Can you elaborate a bit more on that point? I'm a bit new to the codebase and JTAG protocol itself :-S

With the changes present right now on master, the probe is not fast enough for general use on the ESP32: GDB times out and so does the debug adapter on IDEs (i.e VSCode's DAP). I've traced this issue to remote_bitbang (used when issuing target extended-remote :3333) bottlenecks as I detailed above so I think I'll be attacking that next. A SiFive debug engineer I contacted about this last issue noted that:

(...) add an interface to jtag/core.c that allows the target to tell the JTAG code whether it is going to take immediate action on the returning values, or whether those values can come later.

E.g. in RISC-V memory read code we assemble a batch to all scan at once, and we don't actually need any of the return values until after the whole batch has been scanned.

And at Espressif they actually implemented two custom alternatives to remote bitbang as workarounds, I'll read those implementations today and gather more insight into all this.

phdussud commented 3 years ago

It all depends on the JTAG protocol of the device you are trying to program but most devices do not return anything on the TDO line while you are feeding the code through TDI. In this case, sampling TDO and sending it back to the host through USB slows down the programming because during this time, the programming process is suspended. DJTAG1 always return the TDO sampled while the programming data is fed to the device through TDI(CMD_XFER command for DJTAG). If you use the CMD_XFER | NO_READ defined in DJTAG2, it will avoid sending back the sampled TDO across USB to the host.

brainstorm commented 3 years ago

I see what you mean now, thanks!

I'm actually not using the probe for programming the IC's flash instead (sending data through TDI) since I upload the firmware via UART instead (CP2102 IC connected to another USB hub port on the dev board). I guess your PR does include that improvement, right? I'm using the current master right now, I'll merge that PR and see if things improve.

For now I'd like to just use the adapter as a JTAG debugger, not necessarily flashing, but hw breakpoints do not seem to be working... yet.

jeanthom commented 3 years ago

Hi @brainstorm, thanks for your thorough write-up!
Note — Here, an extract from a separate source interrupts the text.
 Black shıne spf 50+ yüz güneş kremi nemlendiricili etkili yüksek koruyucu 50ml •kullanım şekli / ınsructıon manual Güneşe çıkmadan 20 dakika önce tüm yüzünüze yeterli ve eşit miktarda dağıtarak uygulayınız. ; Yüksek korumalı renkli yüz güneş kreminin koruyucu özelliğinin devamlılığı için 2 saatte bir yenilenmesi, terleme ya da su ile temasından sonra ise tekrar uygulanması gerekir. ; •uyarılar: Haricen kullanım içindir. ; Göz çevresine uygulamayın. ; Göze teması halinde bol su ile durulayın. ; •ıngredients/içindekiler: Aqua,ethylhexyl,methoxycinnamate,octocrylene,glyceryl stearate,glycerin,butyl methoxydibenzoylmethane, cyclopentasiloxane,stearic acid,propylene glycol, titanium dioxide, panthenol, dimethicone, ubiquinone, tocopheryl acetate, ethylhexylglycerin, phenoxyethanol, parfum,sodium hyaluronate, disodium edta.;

As @phdussud pointed out, bitbanging JTAG is not necessarly slowing down things here, it's more about optimizing the DJTAG1 USB protocol.

The openocd-dirtyjtag repository currently only supports the DJTAG1 protocol, so even you were to use a DJTAG2-compatible dongle with you'd still end up being bottlenecked by the USB latency.
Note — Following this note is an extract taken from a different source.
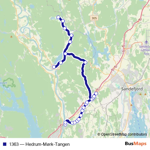 The first stop of the 1363 bus route is Hedrum barneskole and the last stop is Sundet. 1363 (Hedrum-Mørk-Tangen) is operational during on weekdays.

brainstorm commented 3 years ago

bitbanging JTAG is not necessarly slowing down things here, it's more about optimizing the DJTAG1 USB protocol.
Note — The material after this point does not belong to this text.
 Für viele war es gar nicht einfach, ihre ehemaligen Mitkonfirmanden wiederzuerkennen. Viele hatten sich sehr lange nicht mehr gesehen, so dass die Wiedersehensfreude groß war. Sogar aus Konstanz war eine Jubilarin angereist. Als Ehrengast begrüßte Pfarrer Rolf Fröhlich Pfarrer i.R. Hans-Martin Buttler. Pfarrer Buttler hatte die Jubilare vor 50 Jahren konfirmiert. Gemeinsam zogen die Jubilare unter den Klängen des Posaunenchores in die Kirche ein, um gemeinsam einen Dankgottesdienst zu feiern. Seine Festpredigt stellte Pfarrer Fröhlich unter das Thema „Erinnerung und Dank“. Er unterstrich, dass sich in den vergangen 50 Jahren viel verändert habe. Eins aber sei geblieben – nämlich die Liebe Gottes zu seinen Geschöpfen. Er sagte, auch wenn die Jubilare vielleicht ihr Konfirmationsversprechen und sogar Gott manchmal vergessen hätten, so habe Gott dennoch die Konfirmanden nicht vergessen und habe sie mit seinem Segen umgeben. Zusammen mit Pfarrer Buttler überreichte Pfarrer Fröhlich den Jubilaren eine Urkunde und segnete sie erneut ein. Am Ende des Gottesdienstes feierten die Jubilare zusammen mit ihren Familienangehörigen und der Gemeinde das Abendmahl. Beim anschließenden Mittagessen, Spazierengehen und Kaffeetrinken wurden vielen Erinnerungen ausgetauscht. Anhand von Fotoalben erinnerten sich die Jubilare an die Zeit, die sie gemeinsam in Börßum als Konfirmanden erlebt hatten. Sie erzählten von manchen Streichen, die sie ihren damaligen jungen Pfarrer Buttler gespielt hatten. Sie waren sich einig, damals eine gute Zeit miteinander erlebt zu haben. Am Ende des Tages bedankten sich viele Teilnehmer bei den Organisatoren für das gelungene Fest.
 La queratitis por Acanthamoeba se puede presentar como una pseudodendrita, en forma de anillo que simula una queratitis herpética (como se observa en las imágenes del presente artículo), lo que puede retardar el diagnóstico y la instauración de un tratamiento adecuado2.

The openocd-dirtyjtag repository currently only supports the DJTAG1 protocol, so even you were to use a DJTAG2-compatible dongle with you'd still end up being bottlenecked by the USB latency.

Are you sure about that? Did you profile it? My profiling shows that OpenOCD's remote_bitbang is what might be bottlenecking here since the GlasgowEmbedded probe (ICE40 FPGA+FX2 USB frontend) was slow on the same JTAG operation(s).

See this speedup from 3 years ago on OpenOCD:

http://openocd.zylin.com/#/c/4312/

According to OSX's Instruments (UNIX gprof equivalent-ish), remote_bitbang is taking ~14 seconds during the initial target remote :3333 phase, and most of that time is spent on OpenOCD's queues... I thus believe it's the host side of things that's bottlenecking at this point?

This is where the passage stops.